Second, let’s deploy ContainerInstance-SG-Ingress, which will allow all traffic originating on the ALB to reach the Windows container instances on dynamic TCP ports, which are used by the Windows tasks when the default (NAT) network mode is used:

resource "aws_security_group" "ecs_container_instances_ingress" {
  name        = "ContainerInstance-SG-Ingress"
  description = "Ingress traffic from ALB to Container Instance - Dynamic Ports"
  vpc_id      = data.aws_vpc.vpc_id.id
  ingress {
      from_port       = 32768
      to_port         = 65535
      protocol        = "tcp"
      security_groups = [aws_security_group.alb_ingress.id]
    }
  egress {
    from_port        = "0"
..

Now that we have all the requirements in place, let’s deploy a Launch template that will be used by the Auto Scaling group to deploy ECS Windows containers instances:

## Launch Template
data "aws_ami" "ecs_optimized_ami" {
  most_recent = true
  owners      = ["amazon"]
  filter {
    name   = "name"
    values = ["Windows_Server-2019-English-Core-ECS_Optimized-*"]
  }
}
resource "aws_launch_template" "ecs_container_instances" {
  name                   = "ECS Windows container instance"
  image_id               = data.aws_ami.ecs_optimized_ami.id
  instance_type          = "t3.large"
  vpc_security_group_ids = [aws_security_group.ecs_container_instances_ingress.id]
…

As the final step to deploy an ECS Windows container instance, let’s deploy an Auto Scaling group that uses the preceding Launch template:

## Auto_Scaling_Group
resource "aws_autoscaling_group" "asg_ecs_cluster" {
  name                = "ecs-asg"
  desired_capacity    = "1"
  max_size            = "10"
  min_size            = "1"
  vpc_zone_identifier = data.aws_subnets.private_subnets.ids
  force_delete        = true
  enabled_metrics     = local.asg_metrics
  launch_template {
    id      = aws_launch_template.ecs_container_instances.id
    version = aws_launch_template.ecs_container_instances.latest_version
  }
  instance_refresh {
…

At this point, we have an ECS cluster with an ECS Windows container instance and roles, policies, and auto-scaling properly set up. The deployment we just did looks like the following figure:

Figure 4.4 – ECS Windows container instances deployment

Congratulations, you have accomplished a lot!

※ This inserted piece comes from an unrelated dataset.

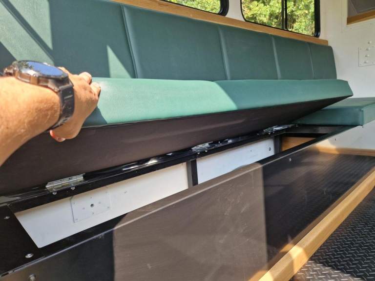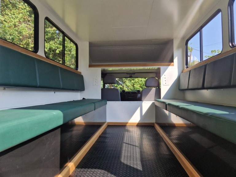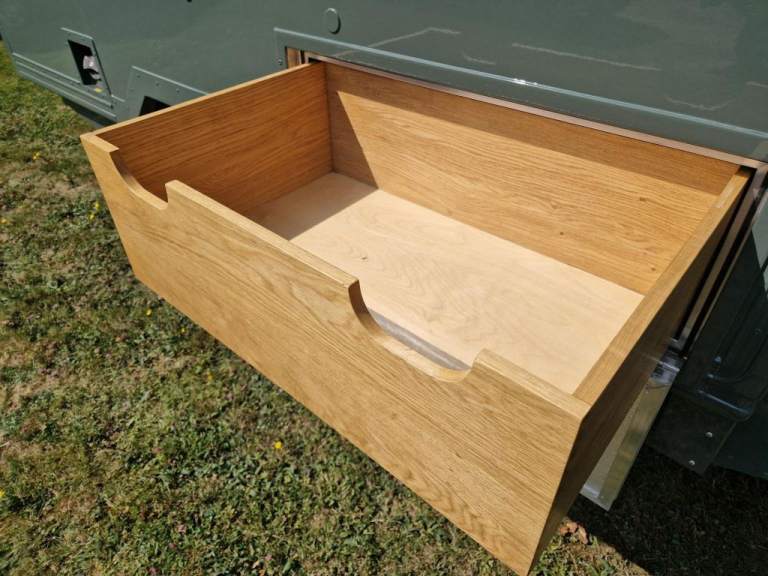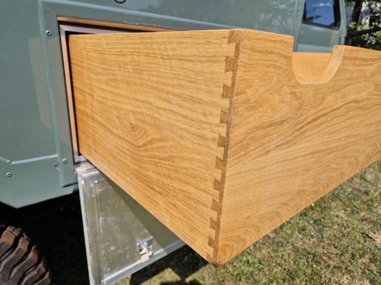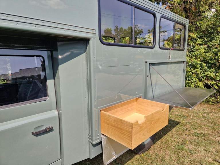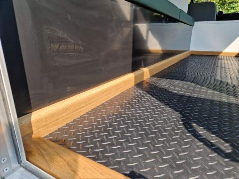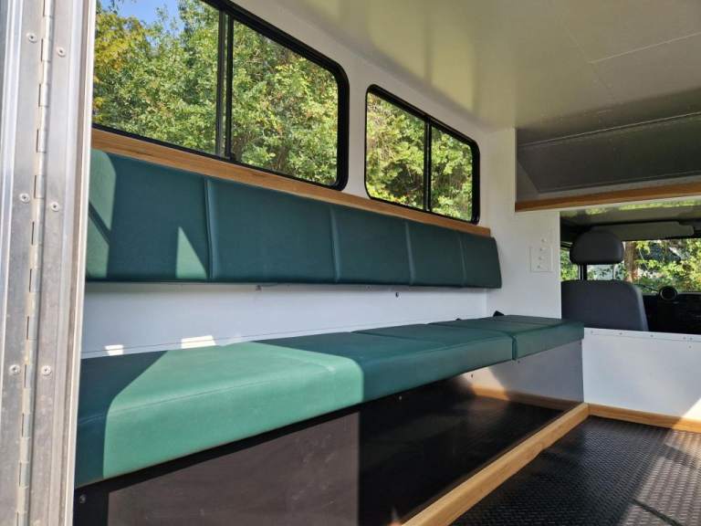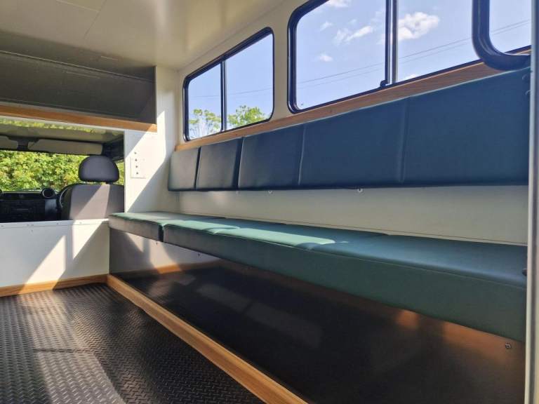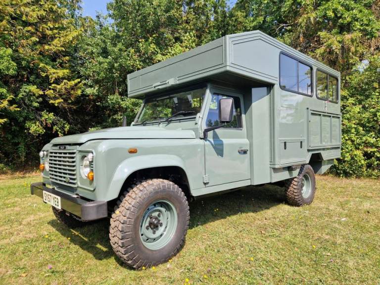 We have fully rebuilt this vehicle. Started off as a 130 chassis cab in silver and we have changed the chassis to a Marsland Galvanised chassis and this has been powder coated black. Replaced the bushes, OME Gas shocks, springs, brakes, clutch kit, brake lines and many other mechanical parts. The rear body is insulated and we have fitted the glass, rear door, rear double step and the complete vehicle was stripped and painted Keswick green and then put togther by hand. The rear seats are hinged for storage and there is a large shelf above the cab for gun storage. Seats are finished in the rear in green vinyl with French Oak trim as pictured. There are two drinks side lockers with pull ou

We just finished the deployment of an Amazon ECS cluster using the AWS best practices. This cluster is prepared to receive thousands of simultaneous connections, which will scale out to a maximum of 10 Windows container instances to handle the traffic.

Summary

In this chapter, we learned about the differences between ECS-optimized Windows AMIs and how to bootstrap an Amazon ECS agent; then, we delved into the four pillars to right-size a Windows container instance. Finally, we deployed an ECS Windows container instance and its requirements, such as a security group, a Launch template, and Auto Scaling group.

In Chapter 5, Deploying an EC2 Windows-Based Task, we will dive deep into ECS task definitions, gMSA support, and persistent storage. Then, we will deploy a Windows task using Terraform.